§ **Data block**:
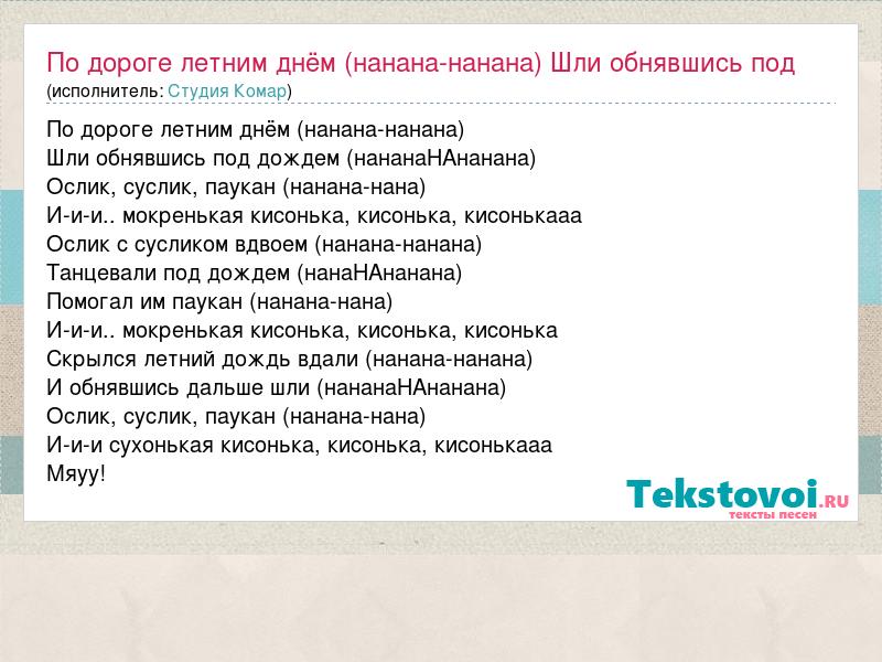 По дороге летним днём (нанана-нанана) Шли обнявшись под дождем (нананаНАнанана) Ослик, суслик, паукан (нанана-нана) И-и-и.. мокренькая кисонька, кисонька, кисонькааа Ослик с сусликом вдвоем (нанана-нанана) Танцевали под дождем (нанаНАнанана) Помогал им паукан (нанана-нана) И-и-и.. мокренькая кисонька, кисонька, кисонька Скрылся летний дождь вдали (нанана-нанана) И обнявшись дальше шли (нананаНАнанана) Ослик, суслик, паукан (нанана-нана) И-и-и сухонькая кисонька, кисонька, кисонькааа Мяуу!
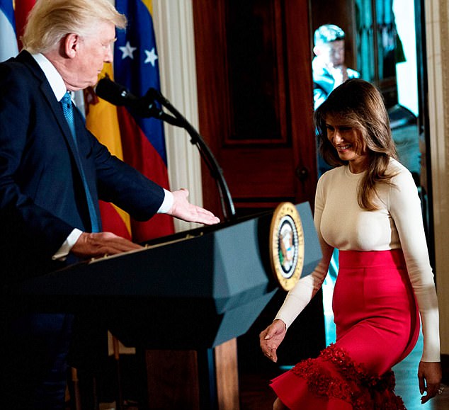 Xuất hiện cùng chồng trong một sự kiện tại Nhà Trắng ngày 06/10 vừa qua, đệ nhất phu nhân Melania Trump nổi bật và gây được sự chú ý đặc biệt với set đồ trắng - đỏ cực trẻ trung và thanh lịch.
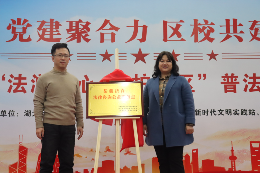 社区合作设立“岳麓法青法律咨询公益服务点”,并由刘岳峰老师与夏运枚主任共同揭牌。这支由高校师生组成的队伍,将常态化开展法律咨询公益志愿服务,以专业守护公平,用热情服务民生,为居民学法、守法、用法提供最便捷的法律服务。

§ **Instructions for the task**: In the copy, include no pictures; restate the listing above exactly.

§ **Solved exercise**:
 По дороге летним днём (нанана-нанана) Шли обнявшись под дождем (нананаНАнанана) Ослик, суслик, паукан (нанана-нана) И-и-и.. мокренькая кисонька, кисонька, кисонькааа Ослик с сусликом вдвоем (нанана-нанана) Танцевали под дождем (нанаНАнанана) Помогал им паукан (нанана-нана) И-и-и.. мокренькая кисонька, кисонька, кисонька Скрылся летний дождь вдали (нанана-нанана) И обнявшись дальше шли (нананаНАнанана) Ослик, суслик, паукан (нанана-нана) И-и-и сухонькая кисонька, кисонька, кисонькааа Мяуу!
 Xuất hiện cùng chồng trong một sự kiện tại Nhà Trắng ngày 06/10 vừa qua, đệ nhất phu nhân Melania Trump nổi bật và gây được sự chú ý đặc biệt với set đồ trắng - đỏ cực trẻ trung và thanh lịch.
 社区合作设立“岳麓法青法律咨询公益服务点”,并由刘岳峰老师与夏运枚主任共同揭牌。这支由高校师生组成的队伍,将常态化开展法律咨询公益志愿服务,以专业守护公平,用热情服务民生,为居民学法、守法、用法提供最便捷的法律服务。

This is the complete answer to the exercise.